優秀なデベロッパに光を!
僕ももう30歳になり,自らアプリケーションのコーディングを仕事で行うことは,めっきり少なくなった。設計やベース部分,開発ツールなどを手がけることが多くなり,もしかしたらMicrosoft Office製品を触っている時間の方が多いかもしれない(いや,確実に多い)。プロジェクトに参加する数多くのプログラマを面倒見つつ,いろんな雑務をこなしながら,システムの実装作業を指揮する。はっきり言って,自分が何人いても足りない。
実装作業に秀でたデベロッパを数人知っている。彼らが描くプログラムは,合理的であり,生産性が高く,多くの視点に基づいていて,しかも芸術的である。視点が多いということは,プログラムの実行時に生じる可能性のある,あらゆる状況に対して適切な対処を講じることができていることを示す。安心できるコードはつまり,そういうことだ。

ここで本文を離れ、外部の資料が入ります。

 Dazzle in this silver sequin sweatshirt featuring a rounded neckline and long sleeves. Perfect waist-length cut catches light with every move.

しかし,何故かこのソフトウェア開発業界は,優秀なデベロッパから得意分野を取り上げる。実装作業について優秀な人材は,設計者に「格上げ」される。つまり,コンパイラは取り上げられ,その代わりにMicrosoft Officeを与えられるのだ。少なくとも,Officeにコンパイル機能はない(モジュールは別)。実装感覚を持ったデベロッパは確かに優秀な設計者になり得るが,相変わらず実装をやらせた方が生き生きとしているデベロッパも大多数を占めるはずだ。

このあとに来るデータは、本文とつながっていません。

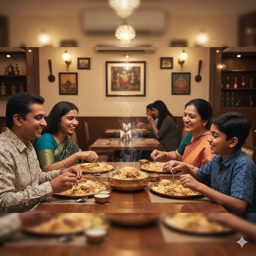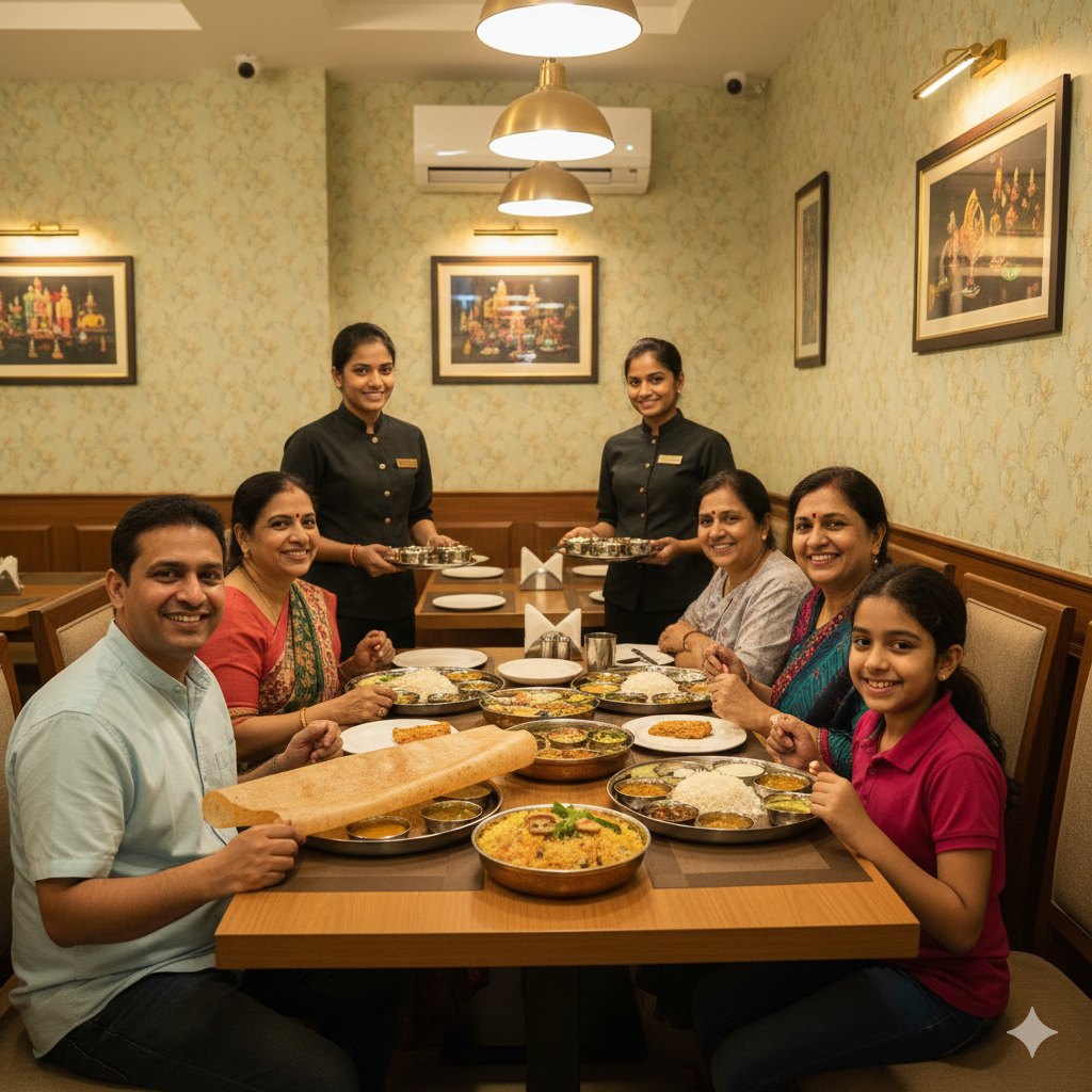 Family enjoying authentic South Indian food at Bhavy’s Kitchen – Uppal

優秀なデベロッパを設計者にしてしまえば,残るのは「新人,あるいは優秀ではないデベロッパ」である。優秀かそうでないかの違いからくる生産性は,相乗以上に大きい。つまり,結局はプロジェクトに集められるプログラマは「優秀でない」人が集まる。その分,教育もかかるし,生産性も優秀なデベロッパに比べると,かなり期待できない。結果,プロジェクトの生産性は上がらない。そりゃそうである。優秀な人材を除外してしまっているのだから。

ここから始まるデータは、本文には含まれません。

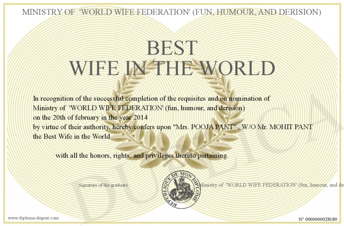 Certificate-degree can have your Best Wife in the World
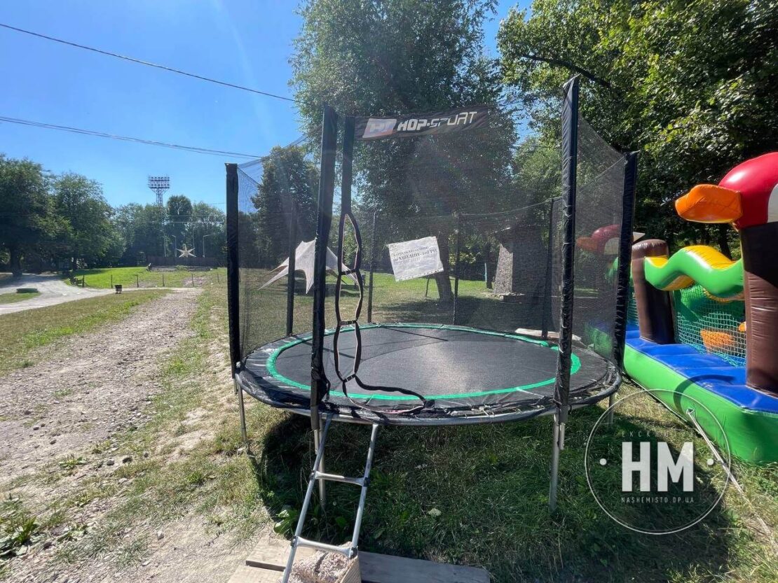 На території парку три працюючи батути, які перебувають у нормальному стані. Жодних потертостей або тим паче дірок не було.

それを仕方ないと考えるのは簡単だが,現場はホントに深刻である。例えば,こんなコードを平気で記述される。
interface Dao {
void save(Model m);
}
void foo() {
Dao dao = …;
try {
dao.save(…);
} catch(Exception e) {
throw new IllegalStateException(“エラー”);
}
}
あり得ない。デバッグを放棄しているようなものである。「catch(Exception e)」は,Javaの仕様でコンパイルエラーにして欲しいと思ってしまうほど,これはひどい。しかし,プロジェクトに配属されるプログラマは,こんなもんなのだ。
優秀なデベロッパなら,「もし実行時例外が発生しても,それはバグや環境のはずだから,catchしなくてもいいはず」などの想像をすることができるはずだ。少なくとも,必要以上の例外補足がもたらす弊害を知っている。だからこそ,実装作業を任せられるし,品質を考えられるようになるのだ。しかし,上記のようなコードを書かれたら,いくら「 第1段階,第2段階のEoD」を進めたとしても,すべては水の泡である。
実装作業が好きで,実装作業にプライドを持ち,実装作業が得意で,実装作業について周囲から認められている人間は,身近にわんさかと存在する。彼らの得意作業は,実装であり,設計ではない。プロジェクトを成功させるためには,結局は実装者の手にゆだねられる。実装作業を行う人間は,最も評価されていいはずなのだ。評価されるということは,他人の手本になれる人だということになる。そんな優秀なデベロッパを引っこ抜いてしまって,その後優秀なデベロッパが育つわけがない。
プログラミングは単純作業ではない。まだまだ職人技だ。プログラムの得意なデベロッパを「職人」として見ることで,高い評価を与えてあげることはできないのだろうか?ねぇ,世の中の開発ベンダーさん,システム構築を依頼する顧客の皆さん!